BEGIN GIVEN RECORDS

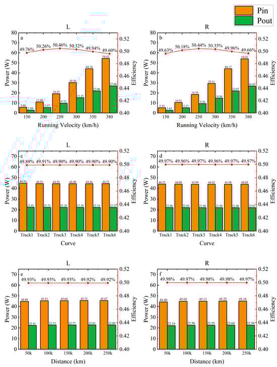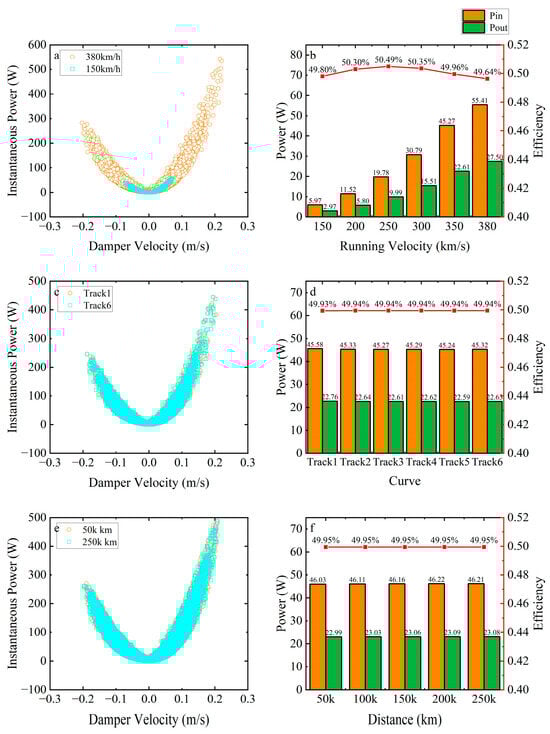 A physics-based vehicle–track coupled dynamics model configured with a hydraulic electromechanical regenerative damper (HERD) was developed to quantify power regeneration and wear depth under service-representative inputs. In the simulation experiment, the electrical load was 25 ohms, across 150 to 380 km/h, recovery efficiency remained about 49–50 percent with weak sensitivity to curve radius. At different radii ranging from 3 to 12 km and at different distances ranging from 50,000 to 250,000 km, the recovery power was more similar, at 49.93–49.94% and 49.95%, respectively. It showed relatively weak sensitivity to the changes in curve radius and distance. Instantaneous regenerative power exceeded 425 W at high excitation. The wear depth model previously validated against field measurement was used without retuning and reproduced measured magnitudes and trends in wear degradation rate, showing 3.51 × 10−6 mm/km at 100,000 km and 3.08 × 10−6 mm/km at 200,000 km, close to measured 3.11 × 10−6 and 2.91 × 10−6 mm/km.
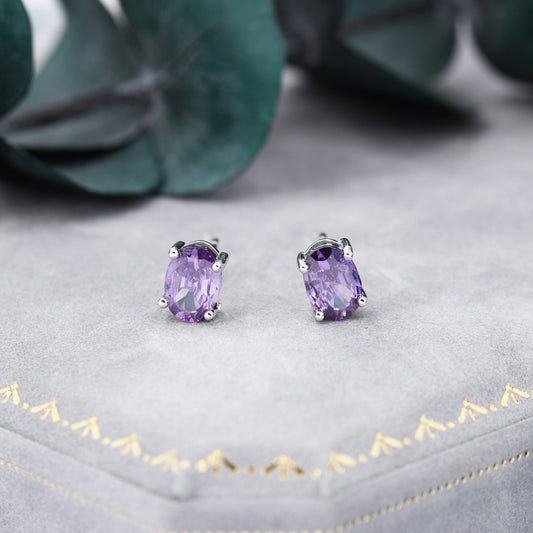 Amethyst Purple Oval CZ Stud Earrings in Sterling Silver, Available in Two Sizes, Oval Cut Crystal Earrings, February Birthstone
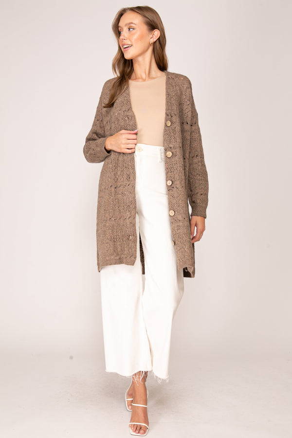 Add a touch of whimsy to your wardrobe with the Come Back To Me Cardi, available in charming Brown or vibrant Peacock. This long-sleeve pointelle knit cardigan delights with playful airy detailing and a half button-down front, letting you mix up your look with ease. Cozy yet breathable, it’s perfect for layering on crisp days or cozying up at home. Whether paired with your favorite jeans, skirts, or dresses, this relaxed-fit cardigan adds a fun, flirty flair to any outfit—making it your new go-to for effortless style all year long.
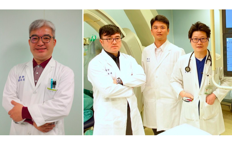 ▲高血壓導管治療也能治高血壓,馬偕醫院心臟內科團隊累積全台最多治療案例,右起為馬偕醫院心臟內科資深主治醫師藍偉仁、馬偕醫院心電生理專家李應湘醫師與新竹馬偕醫院心臟內科主治醫師林柏霖。
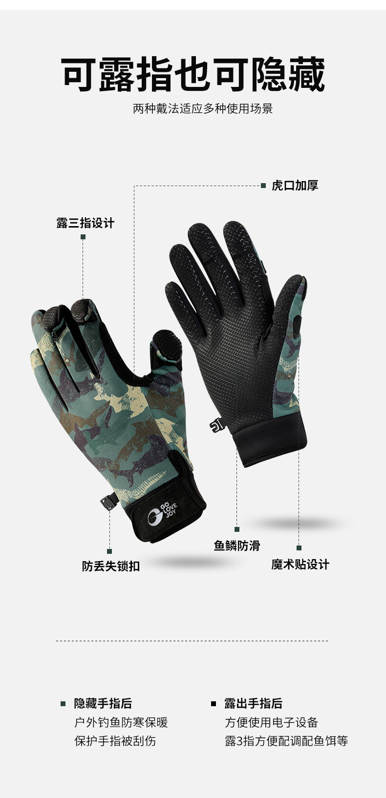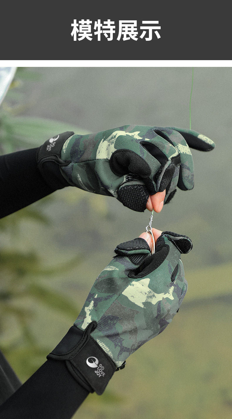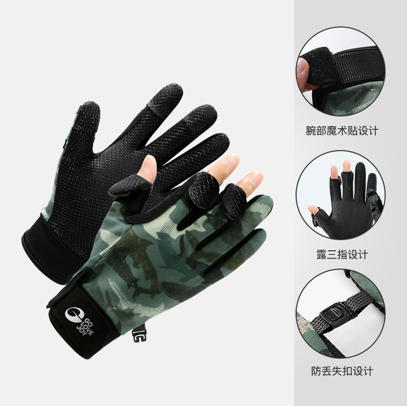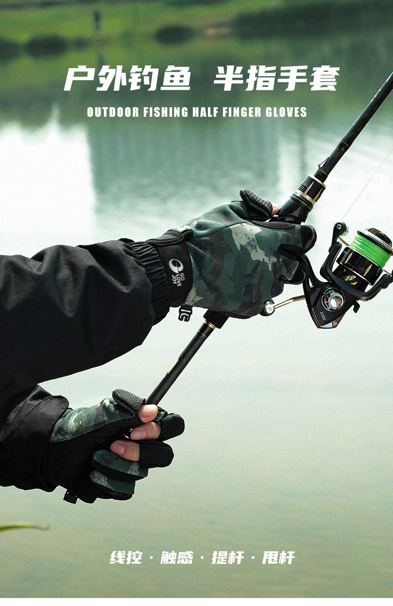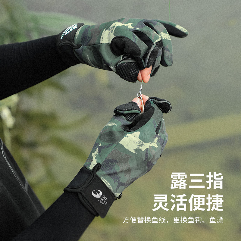 专业钓鱼手套冬季露三指半指触屏握竿防滑抓鱼路亚保暖加绒防风寒
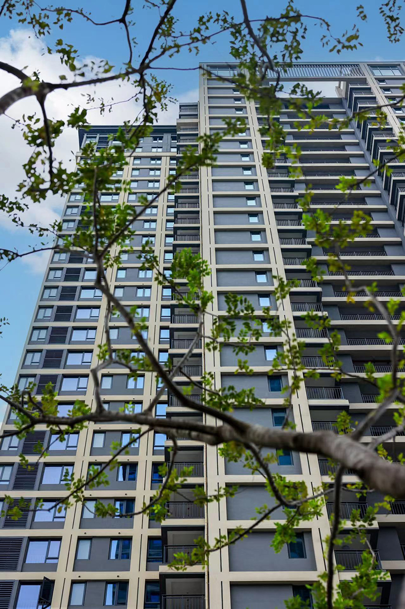 從方寸間的圖紙到漸露新姿的建筑,有序營造出歷久彌新的時(shí)代美學(xué)。簡約時(shí)尚的立面線條呈現(xiàn)建筑的挺拔感,于自然濃蔭中安靜掩映,盡顯清幽寧和。
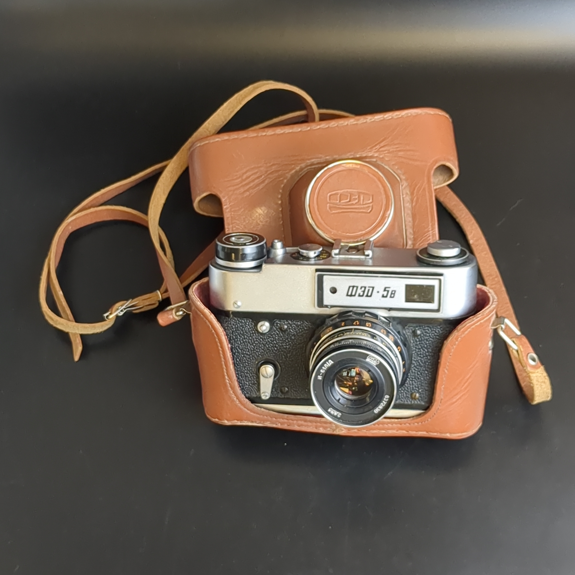 Фотоаппарат "ФЭД-5 в" Знак качества СССР, объективом "Индустар-61 Л/Д" в родном кофре, металл, пластик, стекло, кожа, Харьковский машиностроительный завод им. Дзержинского (ФЭД), СССР, 1978-1980 гг.

END GIVEN RECORDS

PROBLEM REQUIREMENTS: Once the line with "专业钓鱼手套冬季露三指半指触屏握竿防滑抓鱼路亚保暖加绒防风寒" is found above, print it and every line after it through the line with "從方寸間的圖紙到漸露新姿的建", exactly. Pictures stay out.

OUTPUT FOR THIS EXERCISE:
 专业钓鱼手套冬季露三指半指触屏握竿防滑抓鱼路亚保暖加绒防风寒
 從方寸間的圖紙到漸露新姿的建筑,有序營造出歷久彌新的時(shí)代美學(xué)。簡約時(shí)尚的立面線條呈現(xiàn)建筑的挺拔感,于自然濃蔭中安靜掩映,盡顯清幽寧和。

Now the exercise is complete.